In terms of managerial implications, the findings demonstrate that there is a need for academics and institutions to appreciate how various antecedents can lead to the development of ASOs. University management must design and implement simple and efficient support mechanisms allowing for ASOs to flourish and take root at South African public universities. Targeted interventions through short courses and workshops, empowering academics with implementable entrepreneurial tools and techniques, could stimulate potential ASO development. Furthermore, academic entrepreneurs should be granted easier access to co-ordinated networks of individuals and technologies from diverse stakeholders to stimulate collaborations for ASOs. Strategic alliance-building is important for ASOs, so that reciprocal advantageous arrangements can take place which are characterised by resource and knowledge sharing which may include licensing arrangements or joint ventures.
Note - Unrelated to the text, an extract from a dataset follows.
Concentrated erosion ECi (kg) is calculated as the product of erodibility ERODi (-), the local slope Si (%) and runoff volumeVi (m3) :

University management needs to consider the quadruple helix and quintuple helix models (QH) (Carayannis and Campbell, 2012) to examine how knowledge, innovation and the environment relate to each other. The QH model is relevant to ASOs insofar innovation is the outcome of interactions which involve societal, economic, cultural, and political issues, which drive local and regional development. By appreciating that innovation translates knowledge into economic growth that contributes to the well-being of society (STI, 2022), there is an ever-increasing need to develop social entrepreneurship as a centrepiece of academic entrepreneurship and ASOs at universities. Social entrepreneurship holds much promise as a process that catalyses social change by addressing social problems caused by shortcomings in existing markets and social welfare systems. Through innovations ASOs in the form of social enterprises can create systemic changes and bring about sustainable improvements to local and global communities (Cosa and Urban, 2023).
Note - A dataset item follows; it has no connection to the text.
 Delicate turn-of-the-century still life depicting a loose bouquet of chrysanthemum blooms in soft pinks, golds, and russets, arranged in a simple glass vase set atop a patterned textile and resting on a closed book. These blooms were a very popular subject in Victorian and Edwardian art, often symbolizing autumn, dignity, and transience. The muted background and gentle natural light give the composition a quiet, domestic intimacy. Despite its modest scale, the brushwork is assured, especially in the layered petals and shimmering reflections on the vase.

Study limitations surface from the cross-sectional design which was adopted and prevents any causation to be credited, which requires a longitudinal study using the same sample at several points in time. The results should be interpreted with some caution in terms of appreciating that not all contingencies effecting ASOs were incorporated in our study, particularly as they relate to limited sampling database availability. Future research could place greater emphasis on the long-term sustainability of ASOs rather than just on the act of formation. Investigations using a multilevel analysis could highlight the interactions between various national and institutional level factors which may affect ASOs. In this way universities can ascertain the level of impact that ASOs have on the broader country ecosystem, so the benefits of ASOs are more widespread for other entrepreneurial and social enterprises in the wider African market region.
Footnotes
Declaration of conflicting interests
The author declared no potential conflicts of interest with respect to the research, authorship, and/or publication of this article.
Funding
The author received no financial support for the research, authorship, and/or publication of this article.